= Hu Maozhou =

Chinese politician (1928–2019)

Hu Maozhou (胡懋洲; April 1928 – 5 July 2019) was a Chinese politician. He served as Mayor of Chengdu, the capital of Sichuan province, from 1981 to 1988. He was also a delegate to the 7th and 8th National People's Congresses.

== Biography ==
Hu was born in April 1928 in Taihe County, Jiangxi, Republic of China. He attended National Central University in Nanjing.

Hu joined the work force in June 1949 and the Chinese Communist Party in March 1950. He worked in the Chongqing Railway Bureau and later Sichuan Chemical Factory, eventually rising to head of the factory.
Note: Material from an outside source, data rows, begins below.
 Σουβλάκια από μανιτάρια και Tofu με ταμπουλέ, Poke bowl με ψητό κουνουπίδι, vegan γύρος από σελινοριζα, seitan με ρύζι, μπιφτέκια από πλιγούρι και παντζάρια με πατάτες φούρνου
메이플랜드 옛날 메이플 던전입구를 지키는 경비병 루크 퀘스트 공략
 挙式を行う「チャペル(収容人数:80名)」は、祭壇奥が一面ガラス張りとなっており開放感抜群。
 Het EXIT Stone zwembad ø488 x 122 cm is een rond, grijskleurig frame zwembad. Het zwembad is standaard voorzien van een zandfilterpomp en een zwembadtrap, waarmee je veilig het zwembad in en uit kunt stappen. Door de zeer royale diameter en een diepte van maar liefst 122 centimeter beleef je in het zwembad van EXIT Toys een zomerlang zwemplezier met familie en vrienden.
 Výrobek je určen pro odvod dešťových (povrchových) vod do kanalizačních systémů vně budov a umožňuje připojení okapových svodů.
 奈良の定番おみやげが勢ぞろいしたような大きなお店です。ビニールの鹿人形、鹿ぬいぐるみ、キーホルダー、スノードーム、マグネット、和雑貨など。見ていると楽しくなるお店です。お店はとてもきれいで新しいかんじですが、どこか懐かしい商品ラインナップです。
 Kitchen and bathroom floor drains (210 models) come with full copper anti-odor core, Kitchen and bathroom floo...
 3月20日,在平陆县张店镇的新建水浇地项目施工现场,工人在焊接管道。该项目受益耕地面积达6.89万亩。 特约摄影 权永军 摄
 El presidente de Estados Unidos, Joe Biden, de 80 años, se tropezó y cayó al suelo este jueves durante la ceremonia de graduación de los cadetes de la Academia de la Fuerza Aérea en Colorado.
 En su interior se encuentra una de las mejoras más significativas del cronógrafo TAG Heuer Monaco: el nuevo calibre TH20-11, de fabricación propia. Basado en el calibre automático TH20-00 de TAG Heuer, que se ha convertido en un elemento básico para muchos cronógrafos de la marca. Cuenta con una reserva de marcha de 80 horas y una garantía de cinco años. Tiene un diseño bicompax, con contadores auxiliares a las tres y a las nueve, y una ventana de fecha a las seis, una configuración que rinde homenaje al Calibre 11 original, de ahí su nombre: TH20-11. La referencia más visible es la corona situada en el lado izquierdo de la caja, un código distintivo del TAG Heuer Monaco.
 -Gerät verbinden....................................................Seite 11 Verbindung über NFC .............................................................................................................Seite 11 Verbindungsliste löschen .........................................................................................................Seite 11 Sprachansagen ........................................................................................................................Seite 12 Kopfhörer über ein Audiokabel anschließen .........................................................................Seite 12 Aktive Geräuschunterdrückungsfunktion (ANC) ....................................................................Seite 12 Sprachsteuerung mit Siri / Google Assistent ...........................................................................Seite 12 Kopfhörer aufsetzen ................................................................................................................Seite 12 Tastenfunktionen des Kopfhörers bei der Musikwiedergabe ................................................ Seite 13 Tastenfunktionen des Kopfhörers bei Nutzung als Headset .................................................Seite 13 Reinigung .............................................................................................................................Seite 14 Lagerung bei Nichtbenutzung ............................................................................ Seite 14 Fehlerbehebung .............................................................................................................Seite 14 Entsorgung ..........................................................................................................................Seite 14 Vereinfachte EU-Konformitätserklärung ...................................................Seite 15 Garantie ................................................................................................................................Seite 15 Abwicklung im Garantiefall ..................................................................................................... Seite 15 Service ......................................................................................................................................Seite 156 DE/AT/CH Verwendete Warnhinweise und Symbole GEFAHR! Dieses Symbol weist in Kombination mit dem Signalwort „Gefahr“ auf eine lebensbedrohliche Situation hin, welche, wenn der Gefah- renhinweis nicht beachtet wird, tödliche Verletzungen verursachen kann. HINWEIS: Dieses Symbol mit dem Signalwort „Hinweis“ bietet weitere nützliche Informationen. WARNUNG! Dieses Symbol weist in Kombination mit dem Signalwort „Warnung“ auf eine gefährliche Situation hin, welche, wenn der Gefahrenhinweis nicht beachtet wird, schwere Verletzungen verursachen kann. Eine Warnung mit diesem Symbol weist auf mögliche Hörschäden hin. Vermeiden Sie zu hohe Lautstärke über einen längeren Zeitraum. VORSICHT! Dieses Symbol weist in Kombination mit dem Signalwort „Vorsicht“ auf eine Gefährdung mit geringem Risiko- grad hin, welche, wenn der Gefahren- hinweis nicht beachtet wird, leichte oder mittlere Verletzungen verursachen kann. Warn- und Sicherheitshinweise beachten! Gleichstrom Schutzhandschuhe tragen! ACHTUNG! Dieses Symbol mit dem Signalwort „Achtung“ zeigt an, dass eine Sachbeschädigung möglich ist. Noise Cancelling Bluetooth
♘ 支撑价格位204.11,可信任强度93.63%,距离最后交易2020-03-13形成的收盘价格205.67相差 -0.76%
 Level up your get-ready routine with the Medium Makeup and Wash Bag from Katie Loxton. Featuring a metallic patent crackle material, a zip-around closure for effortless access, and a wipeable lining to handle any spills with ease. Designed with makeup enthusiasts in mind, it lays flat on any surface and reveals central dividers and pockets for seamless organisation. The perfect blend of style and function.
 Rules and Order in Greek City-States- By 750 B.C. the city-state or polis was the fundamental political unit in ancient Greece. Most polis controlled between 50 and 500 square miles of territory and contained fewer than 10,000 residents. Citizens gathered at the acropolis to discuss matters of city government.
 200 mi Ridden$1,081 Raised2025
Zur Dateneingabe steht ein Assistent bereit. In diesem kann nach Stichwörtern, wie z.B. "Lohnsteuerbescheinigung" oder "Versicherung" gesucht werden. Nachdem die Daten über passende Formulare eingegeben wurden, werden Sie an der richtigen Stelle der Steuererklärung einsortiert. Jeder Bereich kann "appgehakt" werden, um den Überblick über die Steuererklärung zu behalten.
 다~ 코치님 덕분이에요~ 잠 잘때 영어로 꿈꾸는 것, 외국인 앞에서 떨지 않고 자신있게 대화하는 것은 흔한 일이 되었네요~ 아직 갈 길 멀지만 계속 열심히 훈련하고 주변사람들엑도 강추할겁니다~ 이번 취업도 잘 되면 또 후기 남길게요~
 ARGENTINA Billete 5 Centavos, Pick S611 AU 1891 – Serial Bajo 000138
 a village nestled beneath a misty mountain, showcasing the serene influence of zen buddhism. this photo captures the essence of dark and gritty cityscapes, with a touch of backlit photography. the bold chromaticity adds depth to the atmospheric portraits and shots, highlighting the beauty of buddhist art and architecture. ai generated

In December 1980, Hu was appointed party secretary (then under first party secretary) of Chengdu, the capital of Sichuan province. In September 1981, he was appointed Mayor of Chengdu, serving until October 1988. His tenure encompassed a key period during the reform and opening era, when Chengdu, along with the rest of China, was experiencing a transition from a planned economy to a market economy.

From November 1988 to November 1993, Hu served as Chairman of the Chengdu People's Congress. He was also a delegate to the 7th National People's Congress and the 8th National People's Congress. He retired in March 1994.

Hu died on 5 July 2019 in Chengdu, at the age of 91.